***** MATERIAL FOR THIS TASK *****
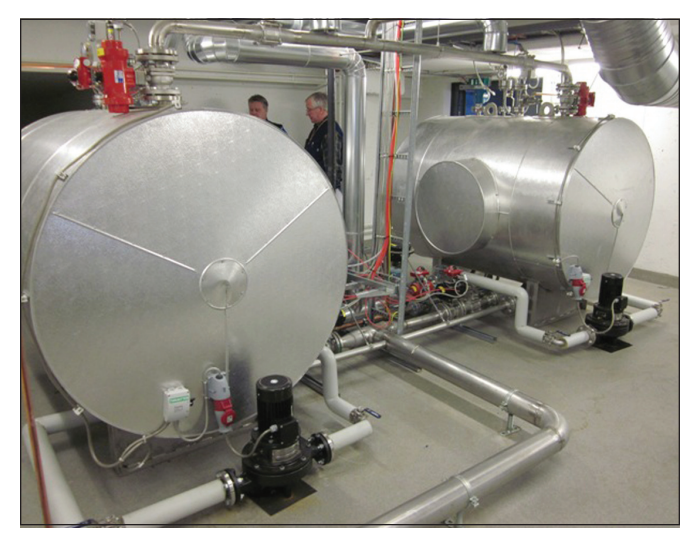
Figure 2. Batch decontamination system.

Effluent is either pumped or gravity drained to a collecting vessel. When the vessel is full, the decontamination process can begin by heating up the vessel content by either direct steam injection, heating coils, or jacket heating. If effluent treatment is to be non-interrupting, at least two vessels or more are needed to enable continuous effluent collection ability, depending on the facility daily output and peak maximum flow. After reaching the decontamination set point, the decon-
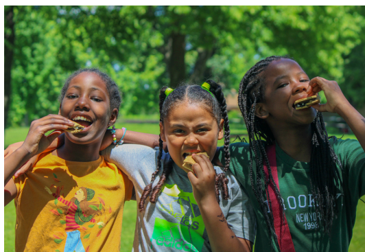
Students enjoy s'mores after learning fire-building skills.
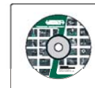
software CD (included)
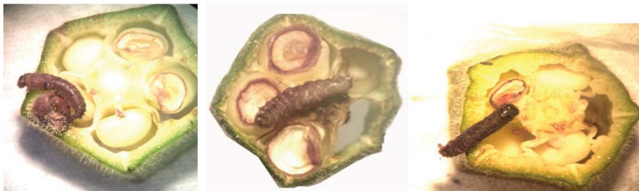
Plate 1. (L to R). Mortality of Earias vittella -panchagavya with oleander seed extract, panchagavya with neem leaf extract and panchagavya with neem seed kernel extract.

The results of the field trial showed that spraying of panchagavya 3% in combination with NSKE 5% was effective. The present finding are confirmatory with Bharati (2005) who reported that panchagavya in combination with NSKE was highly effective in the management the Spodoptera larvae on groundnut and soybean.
*****
***** MATERIAL FOR THIS TASK *****
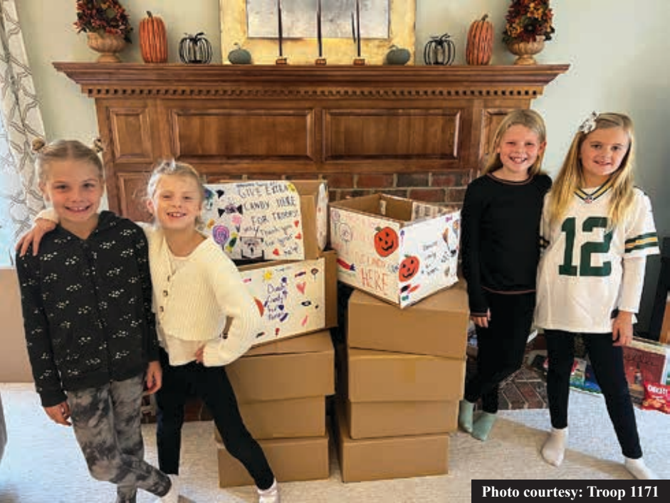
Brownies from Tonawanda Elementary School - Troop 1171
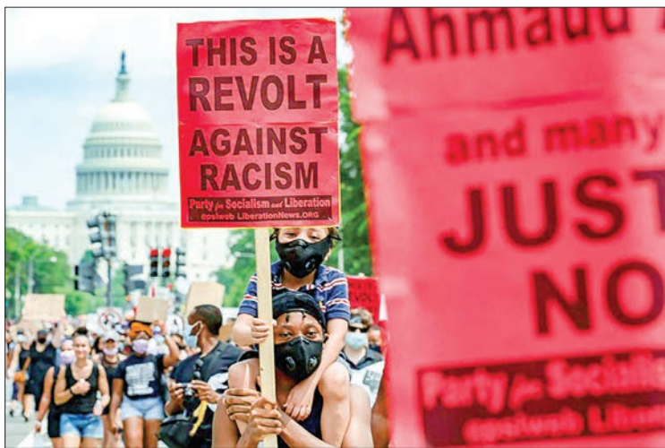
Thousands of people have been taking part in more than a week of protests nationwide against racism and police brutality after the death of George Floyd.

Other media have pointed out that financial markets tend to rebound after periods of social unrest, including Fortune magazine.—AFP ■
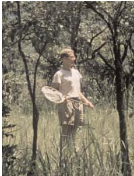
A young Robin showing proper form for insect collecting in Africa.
*****
***** MATERIAL FOR THIS TASK *****
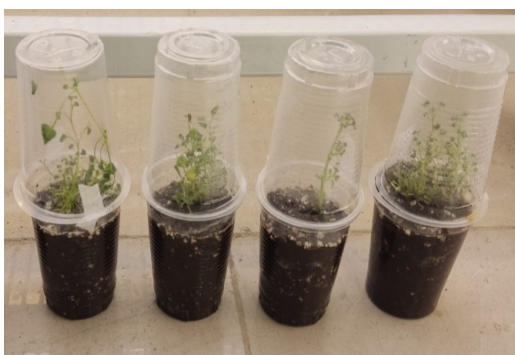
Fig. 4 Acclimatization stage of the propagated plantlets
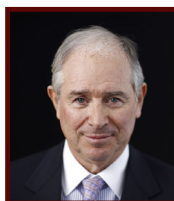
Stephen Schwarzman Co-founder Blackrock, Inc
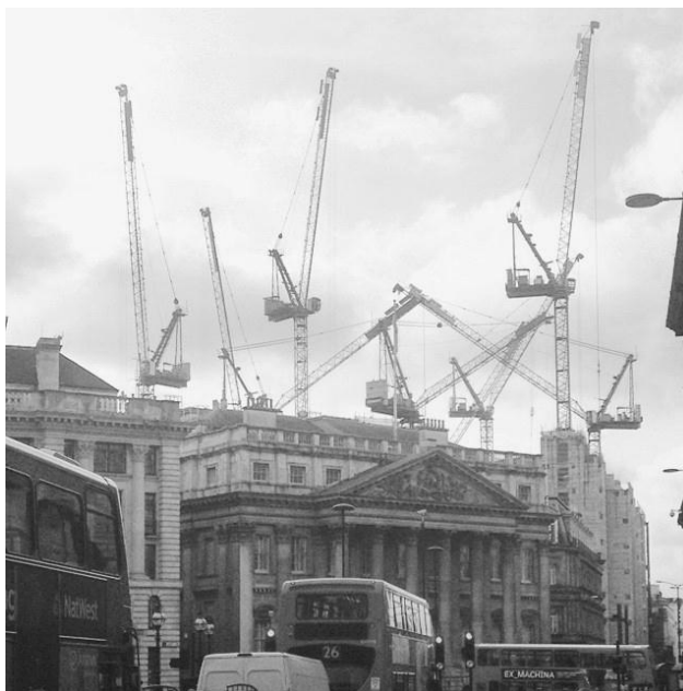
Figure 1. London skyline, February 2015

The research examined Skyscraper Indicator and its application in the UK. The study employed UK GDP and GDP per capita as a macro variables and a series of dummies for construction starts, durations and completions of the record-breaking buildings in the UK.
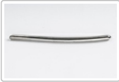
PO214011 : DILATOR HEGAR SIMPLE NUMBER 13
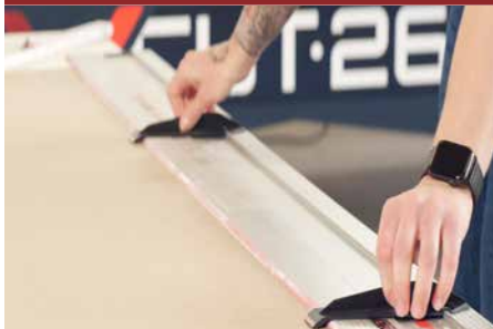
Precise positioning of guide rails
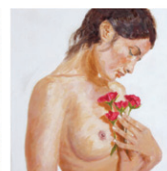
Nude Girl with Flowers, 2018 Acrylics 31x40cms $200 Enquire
*****
## WHAT TO WORK ON
What you write must match the listing exactly, from the line with "Figure 1. London skyline, February 2015" up to and including the line with "Nude Girl with". Pictures stay out.

## WRITTEN RESPONSE
Figure 1. London skyline, February 2015

The research examined Skyscraper Indicator and its application in the UK. The study employed UK GDP and GDP per capita as a macro variables and a series of dummies for construction starts, durations and completions of the record-breaking buildings in the UK.
PO214011 : DILATOR HEGAR SIMPLE NUMBER 13
Precise positioning of guide rails
Nude Girl with Flowers, 2018 Acrylics 31x40cms $200 Enquire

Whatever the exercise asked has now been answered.